> _Supplied material_:
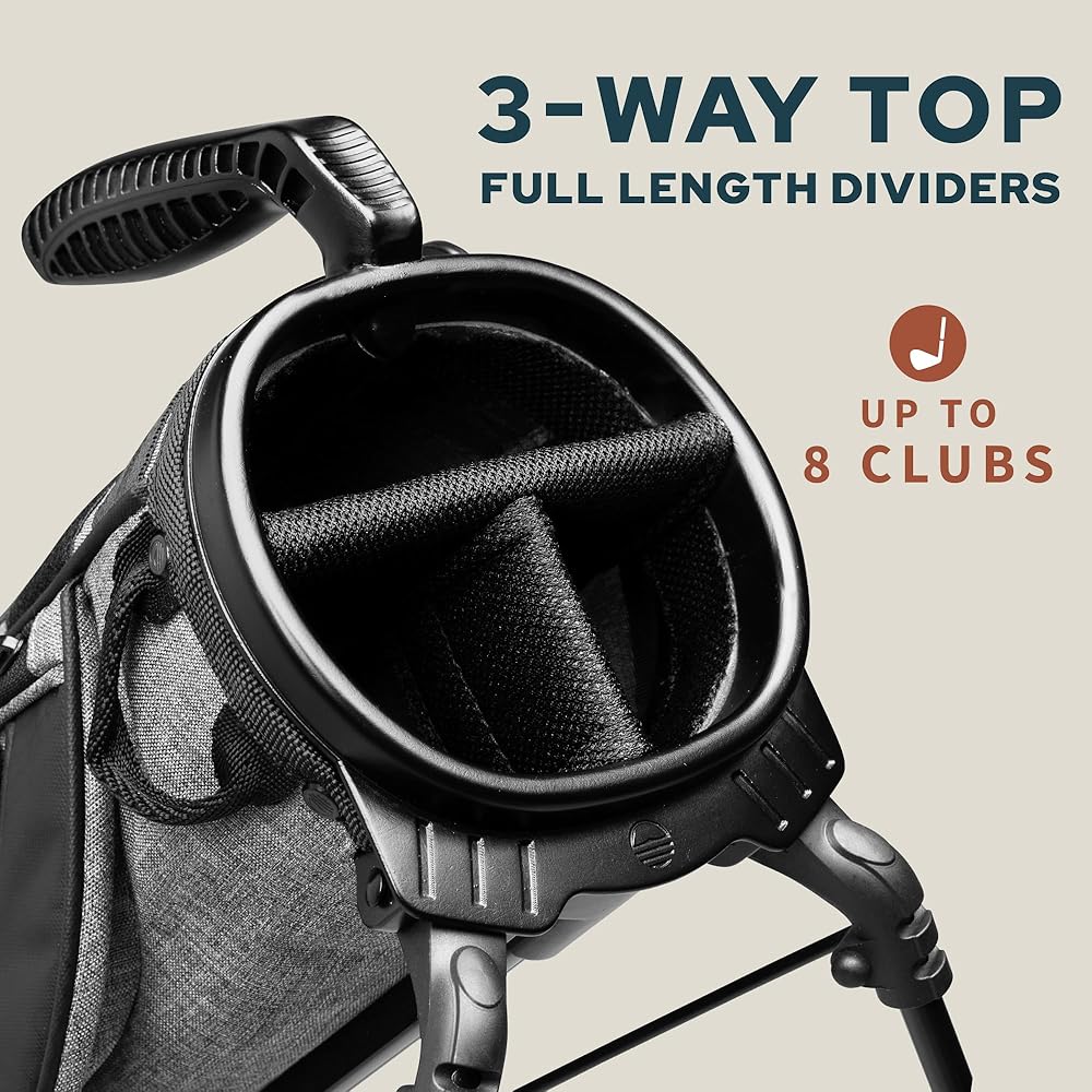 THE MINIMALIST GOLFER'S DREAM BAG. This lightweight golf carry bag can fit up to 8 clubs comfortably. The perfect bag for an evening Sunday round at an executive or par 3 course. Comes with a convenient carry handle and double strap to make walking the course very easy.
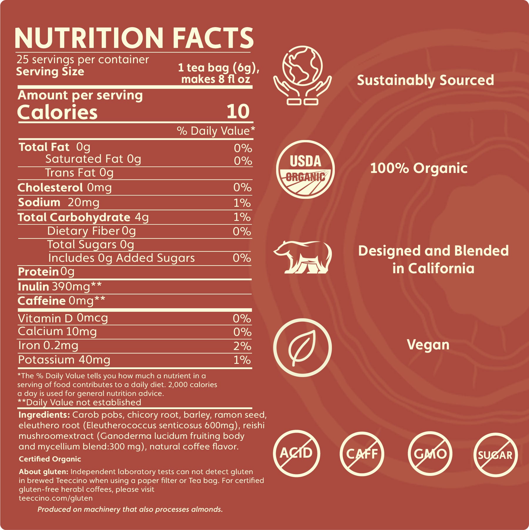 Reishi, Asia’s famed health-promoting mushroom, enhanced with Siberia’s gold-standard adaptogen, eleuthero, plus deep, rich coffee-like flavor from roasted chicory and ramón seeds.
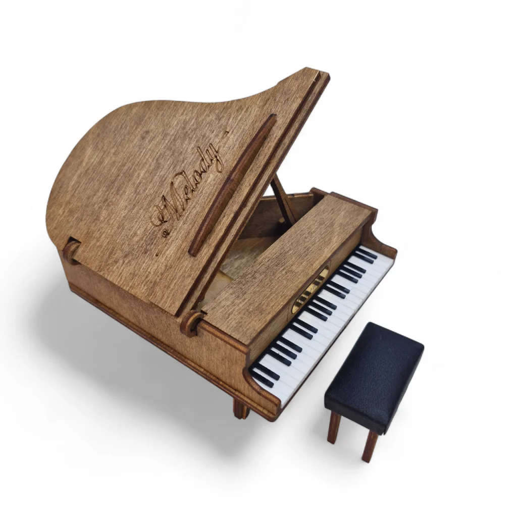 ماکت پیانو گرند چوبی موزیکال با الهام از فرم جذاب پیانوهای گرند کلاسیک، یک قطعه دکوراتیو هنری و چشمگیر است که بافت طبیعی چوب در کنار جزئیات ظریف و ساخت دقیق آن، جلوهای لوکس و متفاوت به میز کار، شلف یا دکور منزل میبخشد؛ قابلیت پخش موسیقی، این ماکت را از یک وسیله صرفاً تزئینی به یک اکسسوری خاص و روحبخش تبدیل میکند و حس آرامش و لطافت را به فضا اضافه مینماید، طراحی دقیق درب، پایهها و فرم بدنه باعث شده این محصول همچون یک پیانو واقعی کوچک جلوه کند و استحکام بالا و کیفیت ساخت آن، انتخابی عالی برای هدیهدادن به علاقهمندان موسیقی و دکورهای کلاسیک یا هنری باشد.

> _What the exercise asks_: Set aside the pictures. Then return every line of the material above verbatim.

> _Result of this task_:
 THE MINIMALIST GOLFER'S DREAM BAG. This lightweight golf carry bag can fit up to 8 clubs comfortably. The perfect bag for an evening Sunday round at an executive or par 3 course. Comes with a convenient carry handle and double strap to make walking the course very easy.
 Reishi, Asia’s famed health-promoting mushroom, enhanced with Siberia’s gold-standard adaptogen, eleuthero, plus deep, rich coffee-like flavor from roasted chicory and ramón seeds.
 ماکت پیانو گرند چوبی موزیکال با الهام از فرم جذاب پیانوهای گرند کلاسیک، یک قطعه دکوراتیو هنری و چشمگیر است که بافت طبیعی چوب در کنار جزئیات ظریف و ساخت دقیق آن، جلوهای لوکس و متفاوت به میز کار، شلف یا دکور منزل میبخشد؛ قابلیت پخش موسیقی، این ماکت را از یک وسیله صرفاً تزئینی به یک اکسسوری خاص و روحبخش تبدیل میکند و حس آرامش و لطافت را به فضا اضافه مینماید، طراحی دقیق درب، پایهها و فرم بدنه باعث شده این محصول همچون یک پیانو واقعی کوچک جلوه کند و استحکام بالا و کیفیت ساخت آن، انتخابی عالی برای هدیهدادن به علاقهمندان موسیقی و دکورهای کلاسیک یا هنری باشد.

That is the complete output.